Wednesday, 11 February 2026

Lineage of Potential in the Relational Ontology

1. Readiness (inclination + ability)

  • Concept: Potential as a system or phenomenon’s readiness to actualise.

  • Aspects:

    1. Inclination – the tendency or predisposition toward certain outcomes.

    2. Ability – the structural or functional competence to realise those outcomes.

  • Contribution: Highlighted that not all possibilities are equal; some paths are easier, more “open,” or more immediately actualisable.

  • Limitation: Smuggled in temporal, causal, and agent-like metaphors; suggested latent content waiting to be triggered.

  • Resolution: Later approaches retained the insight of “differentiated availability” but reframed it relationally.


2. Latent structure / space of possibilities

  • Concept: Potential as a space of constrained possibilities, not as readiness.

  • Contribution:

    • Removed temporal and causal overtones of readiness.

    • Positioned potential as formal, structured, and constrained rather than “stored.”

  • Limitation: Still invited metaphors of “movement” or “occupying” potential; risked treating potential as ontologically prior.

  • Role in lineage: Transitional step from dispositional to structural view.

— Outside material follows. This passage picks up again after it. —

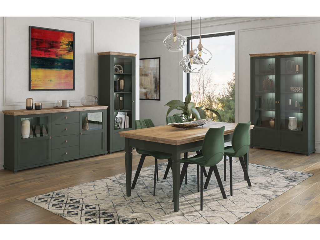 SABRILA rozkládací jídelní stůl 24ZRJU92, zelená/dub lefkas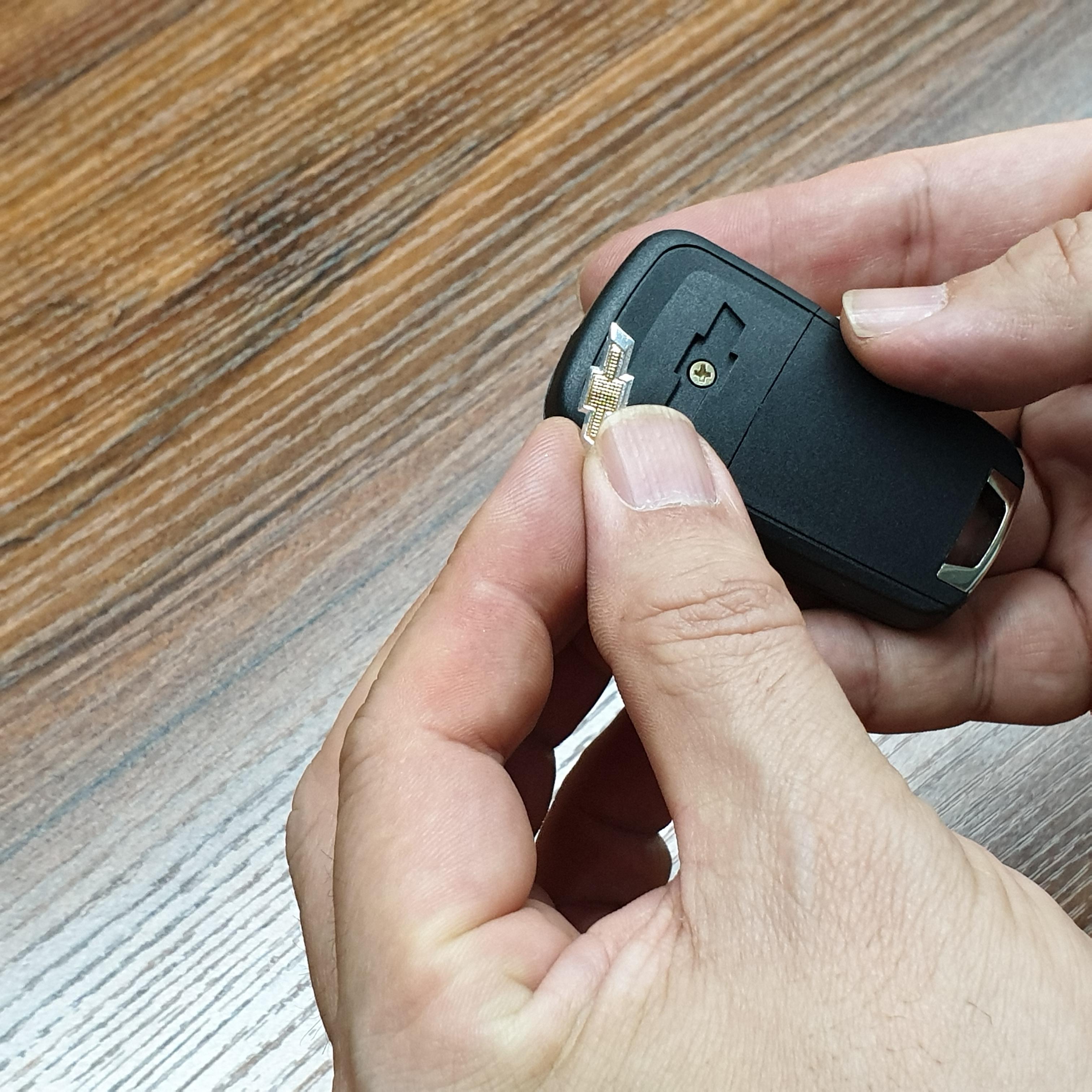 ① 배터리 분리 → ② 드라이버로 분리→ ③기판, 열쇠분리 → ④ 교체할 키에 기판, 열쇠조립→ ⑤ 배터리 삽입→ ⑥ 로고, 볼트체결→ ⑦ 작동 확인

3. System as theory of instances

  • Concept: Potential is not something a system “has”; potential is the system, understood as a theory of possible instances.

  • Contribution:

    • Collapsed potential into formal structure.

    • Eliminated need for latent content or stored readiness.

    • Made the generativity of potential explicit without metaphysics.

  • Key insight: A system is productive, not merely classificatory; actual instances are contingent events satisfying the system’s constraints.


4. Instantiation as perspectival cut

  • Concept: Potential and instance are not stages or temporal phases; they are poles of description.

  • Contribution:

    • Dissolves process-based confusions (no “becoming actual”).

    • Potential and instance co-exist, relationally, under different cuts.

  • Key insight: Ontology is perspectival rather than causal or temporal.


5. Sub-potential (localised constraining)

  • Concept: Within a system, one can define sub-potentials: restricted theories of possible instances.

  • Contribution:

    • Explains patterned variation and regularity without ontological layering.

    • Preserves structure while allowing local constraints to be articulated.

  • Key insight: Nested possibilities can exist without creating new metaphysical levels; all sub-potentials are still potentials-as-theory.


6. Horizon

  • Concept: Potential as the experienced or describable edge of possibility under a cut.

  • Contribution:

    • Captures novelty and openness without invoking readiness or latent content.

    • Horizon is relational: it shifts with actualisations and construal.

    • Provides a forward-facing notion of potential, crucial for creativity, co-individuation, and evolutionary thinking.

  • Key insight: Horizon operationalises the edge of possibility, not the system itself.


7. Evolution of potential

  • Concept: Potential evolves historically through differentiation, stabilisation, and collapse.

  • Contribution:

    • Frames potential as dynamic, historically situated, yet non-teleological.

    • Supports narratives of symbolic and systemic evolution without invoking progress or predetermined outcomes.

  • Key insight: Potential’s shape and content are influenced by prior actualisations; novelty emerges relationally.


8. Explicitly rejected notions

  • Potential as causal power – rejected because potential is relational, not mechanistic.

  • Potential as stored content – rejected to avoid latent or substance-like metaphors.

  • Potential as value-laden – biological, social, or institutional “value” cannot constitute potential.

  • Potential as pre-meaning substrate – all potential is already relationally tied to construal.

  • Potential as probability distribution – rejected to prevent misreading relational potential as statistical.


9. Deep continuity

Across all these cuts, the core principle remains:

Potential gradually shed metaphors of readiness, waiting, force, or storage, and crystallised as structured, relational possibility intelligible only under a perspectival cut, with room for nested constraints, horizons, and historical evolution.

This lineage shows the careful choreography: what started as intuitive readiness eventually became a fully relational, perspectival, and evolutionary notion — precise enough to ground the ontology while remaining generative for further work.